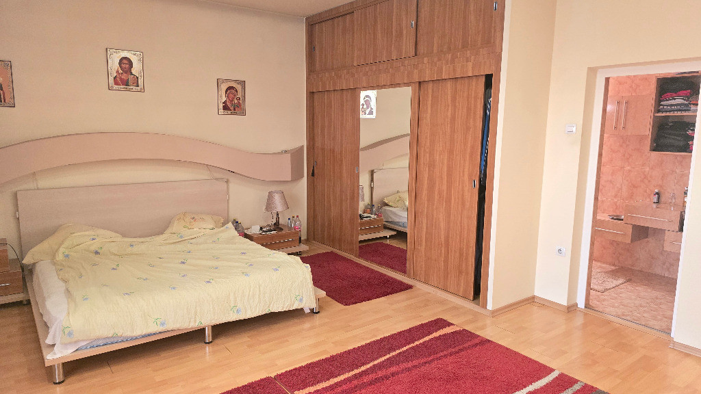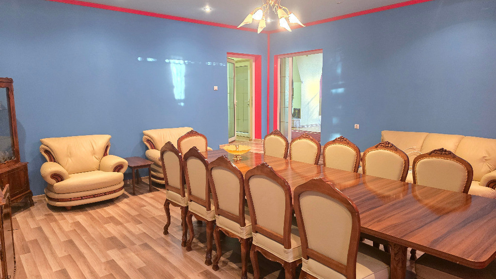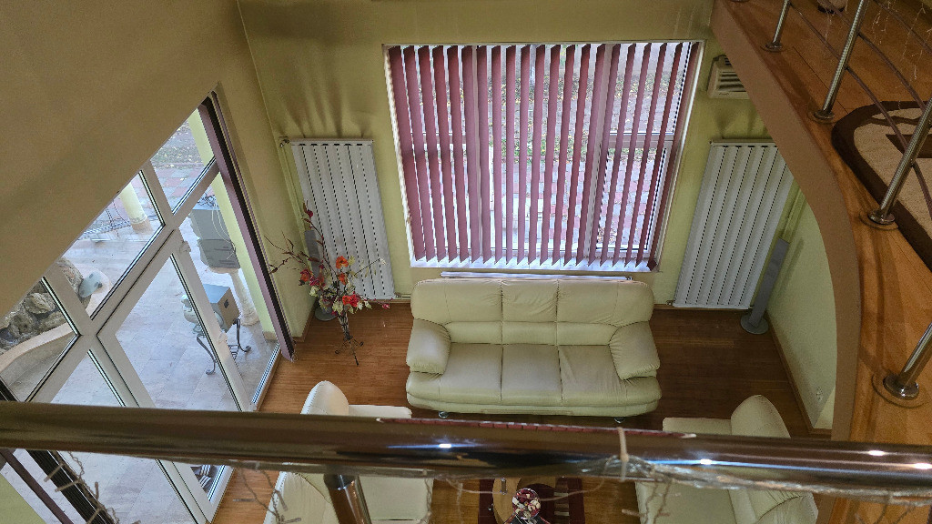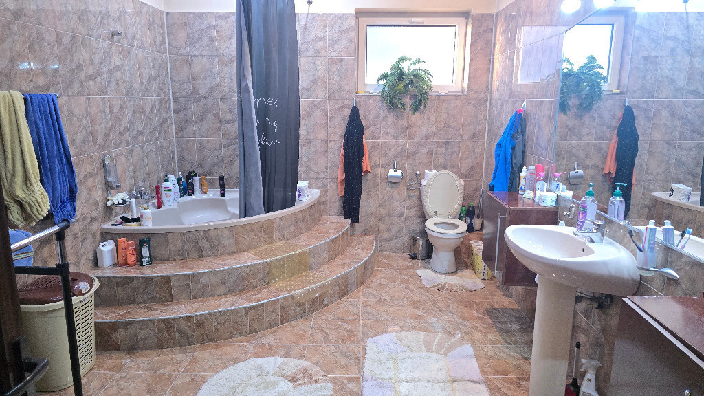 Vand casa de locuit sau pentru pensiune in Deva, zona 22 Decembrie, S+P+1+M, contructie din BCA din anul 2005, izolata exterior partial, amprenta la sol de 250 mp, suprafata construita aproximativ 750 mp, suprafata de teren 3125 mp, acces auto in curte, deschidere la strada de aproximativ 25 metri liniari. Utilitati; apa, curent trifazic, gaz, fosa septica, incalzire cu 2 centrale termice (pe gaz si pe lemne), instalatie de aer conditionat, gresie, faianta, parchet, amenajata modern, curte imprejmuita. Componenta: La subsol dispune de beci pe jumatate din suprafata casei. Parter: living, camera de zi, hol, bucatarie, baie si terasa. Etaj: 4 dormitoare (2 cu baie proprie), 3 bai, hol si 2 terase. Mansarda necompartimentata. Pret: 500 000 euro neg. Tel: 0724 293226. Mai multe poze si detalii pe www.apartamentedeva.ro sau la Agentia imobiliara Ovidiu Deva.
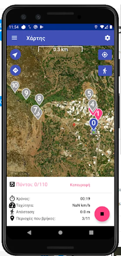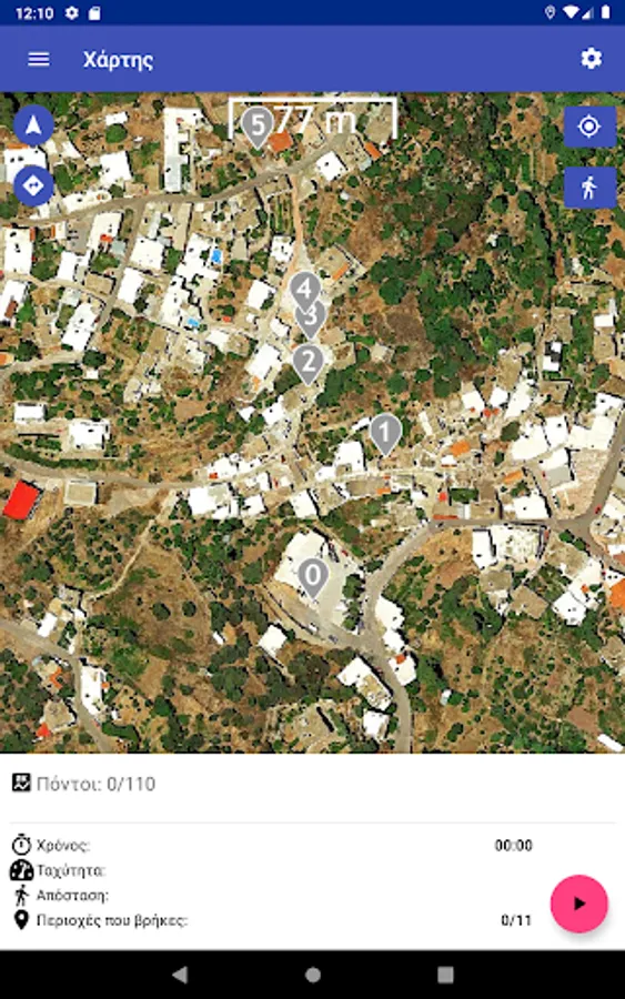 Starting from Point 0 you will have to discover, one after the other, the 10 points of interest on the map, following the instructions and answering the relevant questions. Your device's GPS will notify you when you approach each point of interest, which changes color to pink. Clicking on the point brings up the questions. You have 3 chances to answer correctly, but the app only considers your first answer. After completing the game you can see your score and other statistics.
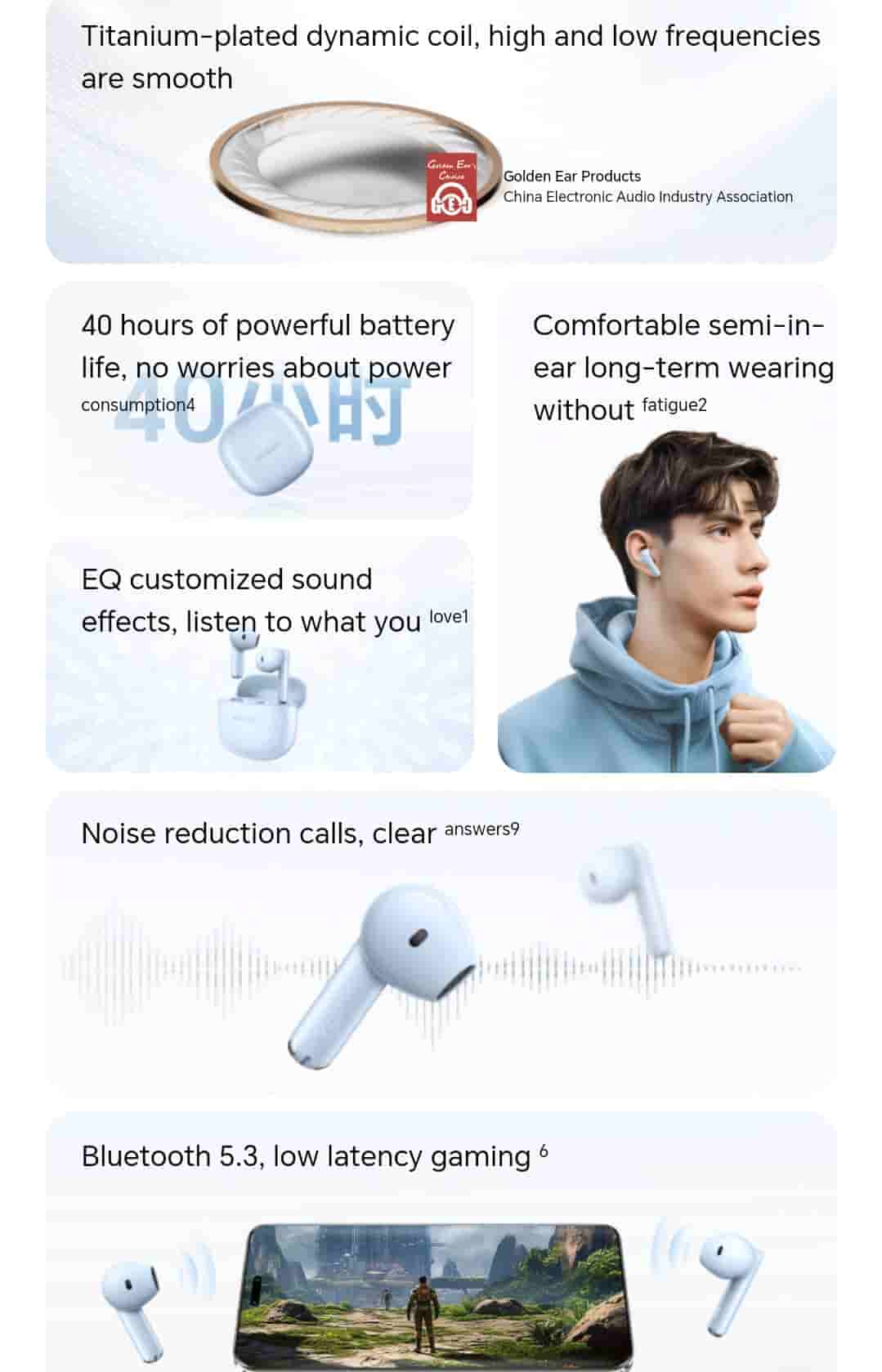 These earbuds sport a polymer composite titanium-plated diaphragm and a 10mm dynamic unit that offer delicate treble and abundant bass. It arrives with HiFi 5 DSP high-performance computing technology. It offers four EQ sound effects- Bright high notes, powerful bass, warm vocals, and a classic soundtrack.
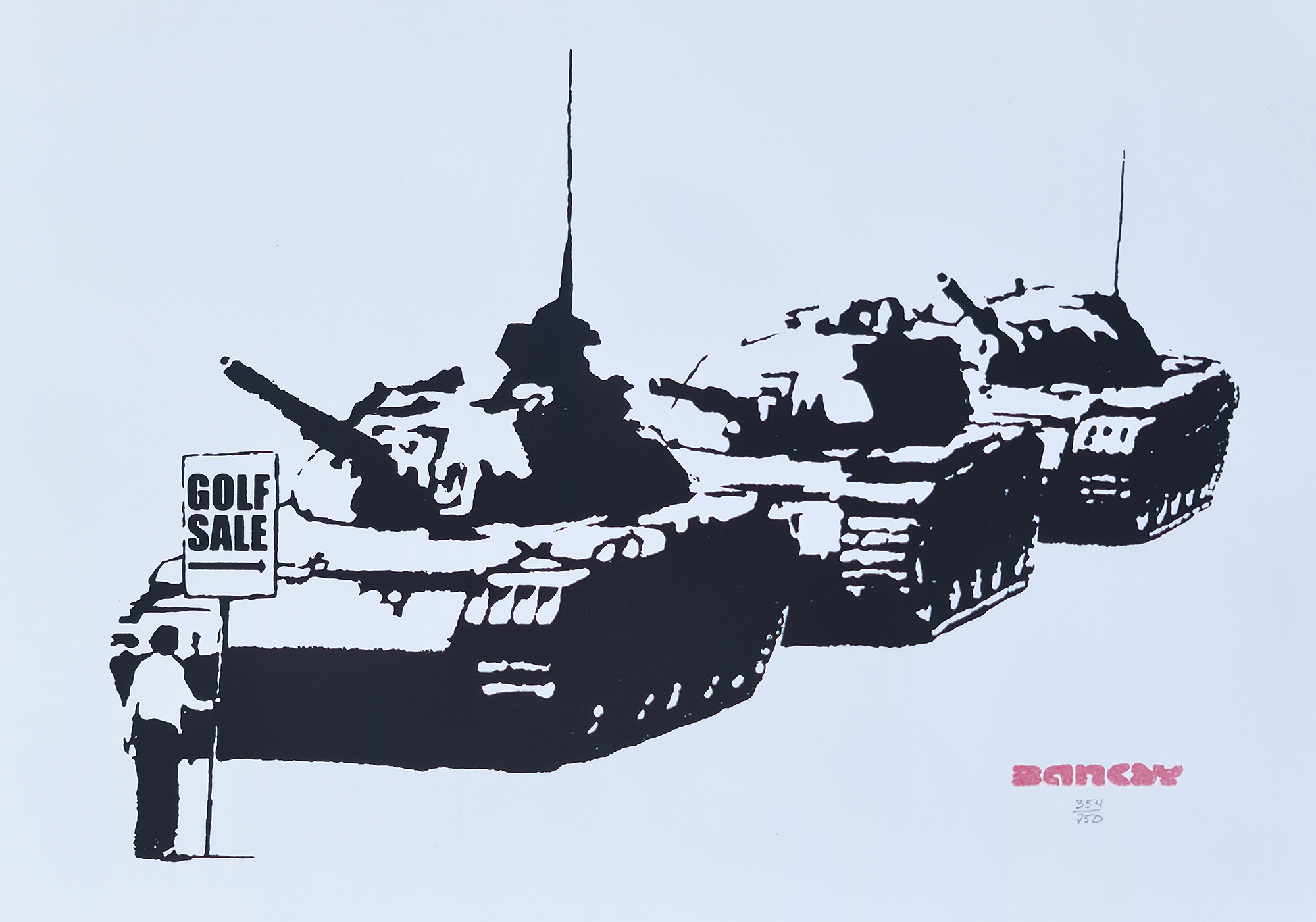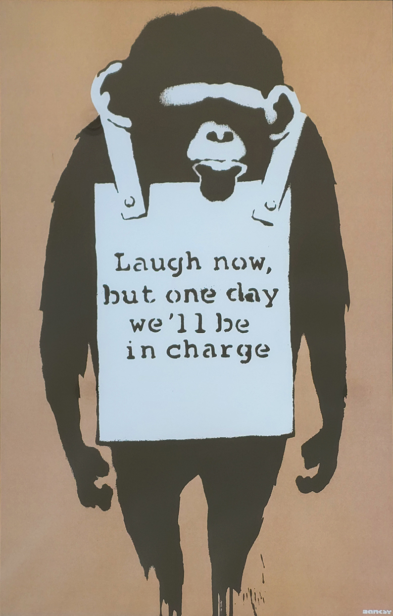 Banksy é o pseudônimo de um artista urbano britânico. É mundialmente conhecido pelas suas artes envolvendo críticas sociais, humor, e provocações diretas e indiretas a vários governos e organizações. Aborda temas como guerra, política, cultura popular, entre outros.
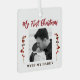 Le premier Noël de bébé avec papa unique ornement d'arbre de conservation avec branches de baies rouges, vos 2 photos personnalisées, et texte de script de typographie moderne rouge. ++++++++++ Peut être un beau cadeau de Noël pour un nouveau père.
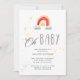 Invitación a la ducha de bebé Boho con arco iris con ilustraciones de nubes en rojo y naranja emparejados con un tipo de letra de guión personalizado. Visita nuestra tienda para ver más artículos coincidentes de esta colección.
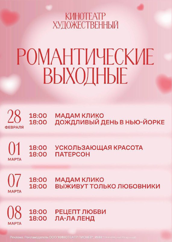 Идем на свидание в Москве💖 В самое романтичное время в году — с 14 февраля по 8 марта в кинотеатре «Художественный» проходят «Романтические выходные» — специальные показы фильмов для влюбленных (в с
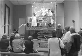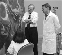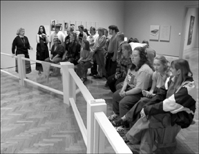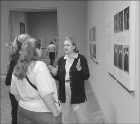 Museum docent referring to the didactic panels in exhibition The Central exhibition space was divided to provide public space as well as a partitioned work area for the conservators and the painting. Didactic text, graphic and photographic panels wrapped the walls of most of the public space. These didactics included an outline of the steps in the restoration process, schematic diagrams of the paintingís physical structure and x-rays of areas of damage and earlier restoration. One wall contained a set of numbered procedural panels designed with spaces reserved for images of the completed steps or phases in the restoration process. An iMac computer was installed on special counter with two chairs in one corner of the public area. This computer provided access to the online portion of the exhibition using a Netscape web browser running in kiosk mode. The computer served to both extend the available project information within the gallery as well as to market the fact that the ongoing project could be viewed and followed from any computer with internet access.
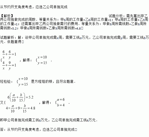 小明家准备装修一套新住房,若甲、乙两个装饰公司,合做需6周完成,需工钱5.2万元;若甲公司单独做4周后,剩下的由乙公司来做,还需9周才能完成,需工钱4.8万元,若只选一个公司单独完成,从节约开支角度考虑,小明家是选甲公司、还是乙公司请你说明理由.
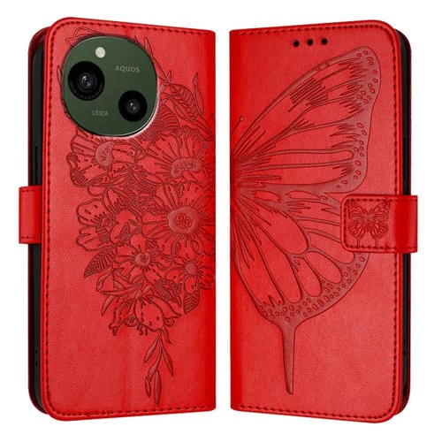 Funda de Cuero para Sharp Aquos R9 Sh-51E con Mariposa en Relieve (Rojo)
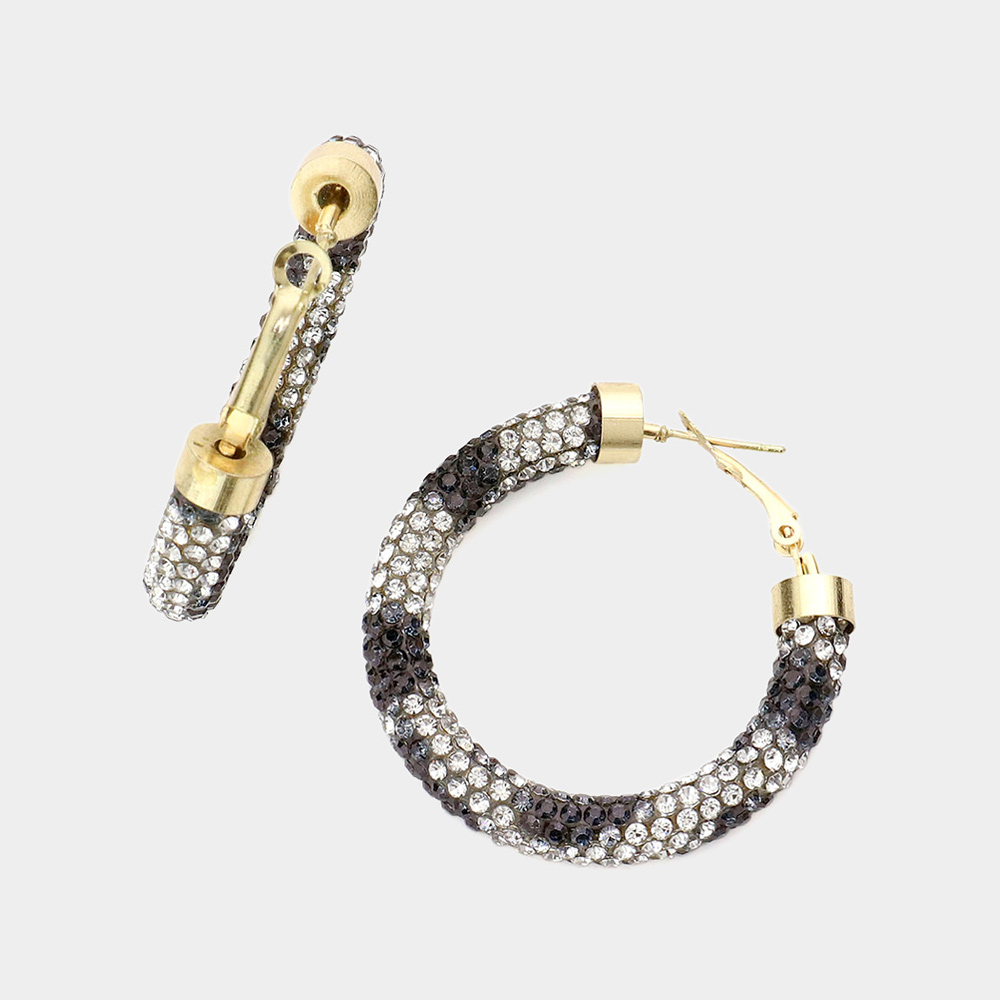Leopard Patterned Rhinestone Pave Hoop Earrings
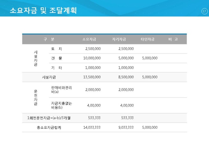 - 소요자금 및 조달계획

→ Exercise prompt
Exclude the pictures and print the rest of the data exactly.

→ Final answer
 Vand casa de locuit sau pentru pensiune in Deva, zona 22 Decembrie, S+P+1+M, contructie din BCA din anul 2005, izolata exterior partial, amprenta la sol de 250 mp, suprafata construita aproximativ 750 mp, suprafata de teren 3125 mp, acces auto in curte, deschidere la strada de aproximativ 25 metri liniari. Utilitati; apa, curent trifazic, gaz, fosa septica, incalzire cu 2 centrale termice (pe gaz si pe lemne), instalatie de aer conditionat, gresie, faianta, parchet, amenajata modern, curte imprejmuita. Componenta: La subsol dispune de beci pe jumatate din suprafata casei. Parter: living, camera de zi, hol, bucatarie, baie si terasa. Etaj: 4 dormitoare (2 cu baie proprie), 3 bai, hol si 2 terase. Mansarda necompartimentata. Pret: 500 000 euro neg. Tel: 0724 293226. Mai multe poze si detalii pe www.apartamentedeva.ro sau la Agentia imobiliara Ovidiu Deva.
 Starting from Point 0 you will have to discover, one after the other, the 10 points of interest on the map, following the instructions and answering the relevant questions. Your device's GPS will notify you when you approach each point of interest, which changes color to pink. Clicking on the point brings up the questions. You have 3 chances to answer correctly, but the app only considers your first answer. After completing the game you can see your score and other statistics.
 These earbuds sport a polymer composite titanium-plated diaphragm and a 10mm dynamic unit that offer delicate treble and abundant bass. It arrives with HiFi 5 DSP high-performance computing technology. It offers four EQ sound effects- Bright high notes, powerful bass, warm vocals, and a classic soundtrack.
 Banksy é o pseudônimo de um artista urbano britânico. É mundialmente conhecido pelas suas artes envolvendo críticas sociais, humor, e provocações diretas e indiretas a vários governos e organizações. Aborda temas como guerra, política, cultura popular, entre outros.
 Le premier Noël de bébé avec papa unique ornement d'arbre de conservation avec branches de baies rouges, vos 2 photos personnalisées, et texte de script de typographie moderne rouge. ++++++++++ Peut être un beau cadeau de Noël pour un nouveau père.
 Invitación a la ducha de bebé Boho con arco iris con ilustraciones de nubes en rojo y naranja emparejados con un tipo de letra de guión personalizado. Visita nuestra tienda para ver más artículos coincidentes de esta colección.
 Идем на свидание в Москве💖 В самое романтичное время в году — с 14 февраля по 8 марта в кинотеатре «Художественный» проходят «Романтические выходные» — специальные показы фильмов для влюбленных (в с
 Museum docent referring to the didactic panels in exhibition The Central exhibition space was divided to provide public space as well as a partitioned work area for the conservators and the painting. Didactic text, graphic and photographic panels wrapped the walls of most of the public space. These didactics included an outline of the steps in the restoration process, schematic diagrams of the paintingís physical structure and x-rays of areas of damage and earlier restoration. One wall contained a set of numbered procedural panels designed with spaces reserved for images of the completed steps or phases in the restoration process. An iMac computer was installed on special counter with two chairs in one corner of the public area. This computer provided access to the online portion of the exhibition using a Netscape web browser running in kiosk mode. The computer served to both extend the available project information within the gallery as well as to market the fact that the ongoing project could be viewed and followed from any computer with internet access.
 小明家准备装修一套新住房,若甲、乙两个装饰公司,合做需6周完成,需工钱5.2万元;若甲公司单独做4周后,剩下的由乙公司来做,还需9周才能完成,需工钱4.8万元,若只选一个公司单独完成,从节约开支角度考虑,小明家是选甲公司、还是乙公司请你说明理由.
 Funda de Cuero para Sharp Aquos R9 Sh-51E con Mariposa en Relieve (Rojo)
Leopard Patterned Rhinestone Pave Hoop Earrings
 - 소요자금 및 조달계획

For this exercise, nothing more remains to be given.